Interview

»Einfach ein Jahr älter«

Albrecht Weinberg Foto: picture alliance/dpa

Herr Weinberg, Sie sind vergangene Woche 100 Jahre alt geworden. Wie haben Sie diesen Tag verbracht?
Ich habe nie wirklich Geburtstag gefeiert. Ich bin einfach ein Jahr älter geworden. Für mich war das ein sehr anstrengender Tag. Mit 100 geht es nicht mehr so wie mit 18 oder 20. Verstehen Sie, was ich meine? Es war eine ganz tolle Sache hier. Der Bürgermeister hat das Rathaus zur Verfügung gestellt, viele Leute waren eingeladen. Auch die Oldenburger Jüdische Gemeinde hat mir zu Ehren eine Feier ausgerichtet. Das war wunderbar. Da wurde mein Lieblingslied gesungen: »Jerusalem of Gold«.

Momentan haben viele Menschen das Gefühl, die Welt gerät aus den Fugen. Wirkt sich das auch auf Ihre Stimmung aus?
Sie wissen doch, wie das ist. Die Leute, die da eingeladen waren, sind alle sehr nett. Aber was in meinem Kopf vorgeht, das kann ich denen natürlich nicht sagen. Und das können die auch nicht sehen. Fühlen Sie sich glücklich? Sind Sie zufrieden? Solche Sachen werde ich gefragt. Aber in Wirklichkeit ist es so: Man denkt an seine Familie und an das, was war. Der Geburtstag war schön, aber auch nicht einfach.

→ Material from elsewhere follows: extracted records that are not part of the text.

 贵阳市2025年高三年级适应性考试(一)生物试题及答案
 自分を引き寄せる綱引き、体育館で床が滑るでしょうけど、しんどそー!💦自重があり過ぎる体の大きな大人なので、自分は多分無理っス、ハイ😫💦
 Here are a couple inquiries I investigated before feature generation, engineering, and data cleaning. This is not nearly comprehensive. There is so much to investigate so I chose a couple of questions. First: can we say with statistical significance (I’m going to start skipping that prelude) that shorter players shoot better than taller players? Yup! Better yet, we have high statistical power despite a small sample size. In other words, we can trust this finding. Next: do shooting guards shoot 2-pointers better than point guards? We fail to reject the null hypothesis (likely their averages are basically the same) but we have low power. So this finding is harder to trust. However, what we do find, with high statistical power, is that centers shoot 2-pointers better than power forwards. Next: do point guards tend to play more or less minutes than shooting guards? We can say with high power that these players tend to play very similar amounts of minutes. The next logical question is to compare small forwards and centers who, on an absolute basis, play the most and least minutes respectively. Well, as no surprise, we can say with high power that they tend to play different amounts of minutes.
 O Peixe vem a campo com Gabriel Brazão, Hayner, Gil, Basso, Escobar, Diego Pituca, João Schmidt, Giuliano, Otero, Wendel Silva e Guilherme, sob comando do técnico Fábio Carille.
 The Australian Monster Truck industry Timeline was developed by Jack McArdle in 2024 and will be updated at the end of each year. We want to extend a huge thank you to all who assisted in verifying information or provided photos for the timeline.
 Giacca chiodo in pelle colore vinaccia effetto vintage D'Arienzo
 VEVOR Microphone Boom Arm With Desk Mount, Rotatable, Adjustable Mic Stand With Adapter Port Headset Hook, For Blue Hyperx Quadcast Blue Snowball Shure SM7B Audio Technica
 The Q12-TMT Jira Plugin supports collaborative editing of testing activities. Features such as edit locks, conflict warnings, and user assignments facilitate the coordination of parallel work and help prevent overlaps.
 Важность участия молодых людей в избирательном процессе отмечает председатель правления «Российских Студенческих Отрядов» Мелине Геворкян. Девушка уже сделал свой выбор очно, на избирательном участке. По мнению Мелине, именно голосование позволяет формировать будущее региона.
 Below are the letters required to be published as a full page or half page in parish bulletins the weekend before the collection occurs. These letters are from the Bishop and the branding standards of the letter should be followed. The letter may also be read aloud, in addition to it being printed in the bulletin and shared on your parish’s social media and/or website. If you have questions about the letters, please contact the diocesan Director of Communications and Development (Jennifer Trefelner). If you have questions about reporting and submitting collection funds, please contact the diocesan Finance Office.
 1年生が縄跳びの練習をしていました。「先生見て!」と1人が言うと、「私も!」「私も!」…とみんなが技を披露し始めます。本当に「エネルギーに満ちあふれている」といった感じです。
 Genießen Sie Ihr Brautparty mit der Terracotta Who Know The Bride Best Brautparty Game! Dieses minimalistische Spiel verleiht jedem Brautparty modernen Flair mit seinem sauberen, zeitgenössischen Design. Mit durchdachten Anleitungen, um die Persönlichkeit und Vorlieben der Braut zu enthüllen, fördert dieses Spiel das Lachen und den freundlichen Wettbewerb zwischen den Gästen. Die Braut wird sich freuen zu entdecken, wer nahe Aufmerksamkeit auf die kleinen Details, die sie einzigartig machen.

Nach der Schoa haben Sie lange Zeit in New York gelebt. Seit Ihrer Rückkehr nach Leer vor mehr als zehn Jahren treten Sie häufig als Zeitzeuge auf. Was gibt Ihnen die Kraft und die Motivation, das zu tun?
Mindestens einmal pro Woche rede ich in der ehemaligen jüdischen Schule in Leer mit Schulkindern. Die kommen aus dem Umkreis. Das sind immer um die 40, 50 Schüler. Wir sprechen miteinander, und ich erzähle, was mir als Jugendlicher passiert ist. Das ist meiner Meinung nach immer eine sehr gute Zusammenarbeit. Der heutigen Jugend, also zukünftigen Politikern, zu erzählen, was damals geschah, ist mir eine Genugtuung.

Gab es dabei Momente, die Sie besonders berührt haben?
Die Schüler sind zwischen 14 und 17 Jahre alt. Sie wissen doch: Die meisten Jugendlichen scheinen normalerweise nicht zu wissen, was ihre Vorfahren gemacht haben, oder es wird zu Hause nicht darüber geredet. Doch die, die zu mir kommen, sind ganz offen, und manche erzählen sogar: Ja, mein Uropa ist ein SS-Mann gewesen. Das sind ganz normale Begegnungen mit den Jugendlichen. Die haben keine Scheu.

Was bedeutet es für Sie, heute als Jude in Deutschland zu leben?
Ich glaube, ich bin der einzige Jude in ganz Ostfriesland. Ich habe die meiste Zeit nur mit guten Bekannten zu tun, aber nicht mit der breiteren Öffentlichkeit. Wenn ich in guter Verfassung bin, dann gehe ich auch auf Demonstrationen. Aber die meiste Zeit bin ich im Ruhestand, wie man sagt, und bleibe in meiner Wohnung.

Ich gehe natürlich davon aus, dass Sie 120 Jahre alt werden. Was haben Sie noch vor?
Ich bin einigermaßen gesund für mein Alter. Ich weiß, mein Körper hat sehr nachgelassen. Aber mein Kopf ist noch ganz klar. Ich habe ein Radio, und meine Betreuerin liest mir regelmäßig Bücher vor, meistens über die Geschichte des Holocaust. Ich werde überall hingehen, wo ich ein gutes Werk tun und den Leuten erklären kann, was uns Juden hier in der Nazizeit passiert ist.

Mit dem Schoa-Überlebenden und Zeitzeugen sprach Till Schmidt.